WHAT YOU WILL DO →
Word-for-word repetition of the records below is needed, but only from the line holding "Livrée sous blister" through the final line, with pictures excluded.

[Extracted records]
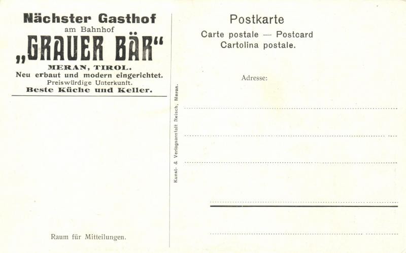 Meran, Merano; Gasthof Grauer Bär, Kunst und Verlagsanstalt Reisch / h... https://www.darabanth.com/de/19-Gross-Auktion/19.1/Ansichtskarten-Ausland/Italien~6625/Meran-Merano-Gasthof-Grauer-Bar-Kunst-und-Verlagsanstalt-Reisch-hotel-s-Reisch~II941260
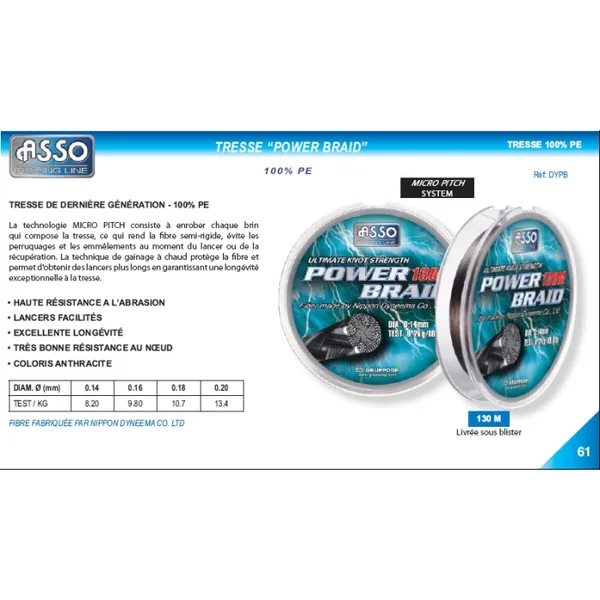 Livrée sous blister Avis Tresse Asso Power Braid Noire 130 m 20/100 Écrivez votre avis
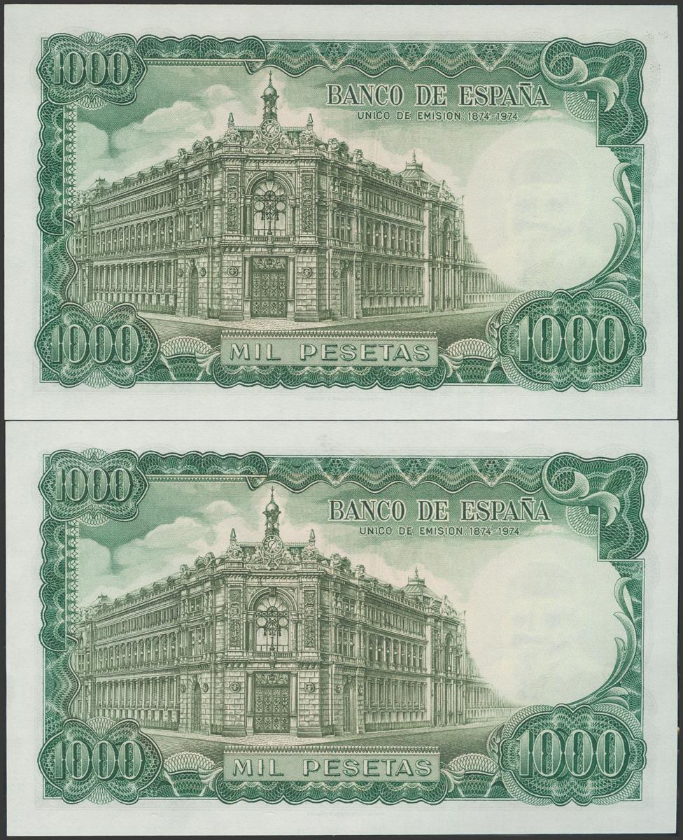 1000 Pesetas. September 17, 1971. Correlative pair. 3U series. (Edifil 2017: 474c). Original sizing. Uncirculated.
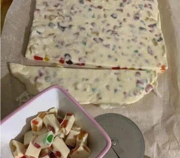 Découvrez les barres de nougat à quatre ingrédients : un délice moelleux et fondant, à la guimauve, garni de bonbons colorés et enrobé de chocolat blanc crémeux.
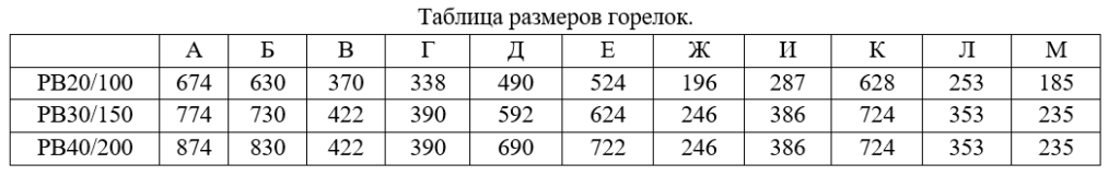 | Габариты горелки ВхШхД, мм | 442х674х628 | 472х774х724 | 472х874х724 |

WRITTEN ANSWER →
 Livrée sous blister Avis Tresse Asso Power Braid Noire 130 m 20/100 Écrivez votre avis
 1000 Pesetas. September 17, 1971. Correlative pair. 3U series. (Edifil 2017: 474c). Original sizing. Uncirculated.
 Découvrez les barres de nougat à quatre ingrédients : un délice moelleux et fondant, à la guimauve, garni de bonbons colorés et enrobé de chocolat blanc crémeux.
 | Габариты горелки ВхШхД, мм | 442х674х628 | 472х774х724 | 472х874х724 |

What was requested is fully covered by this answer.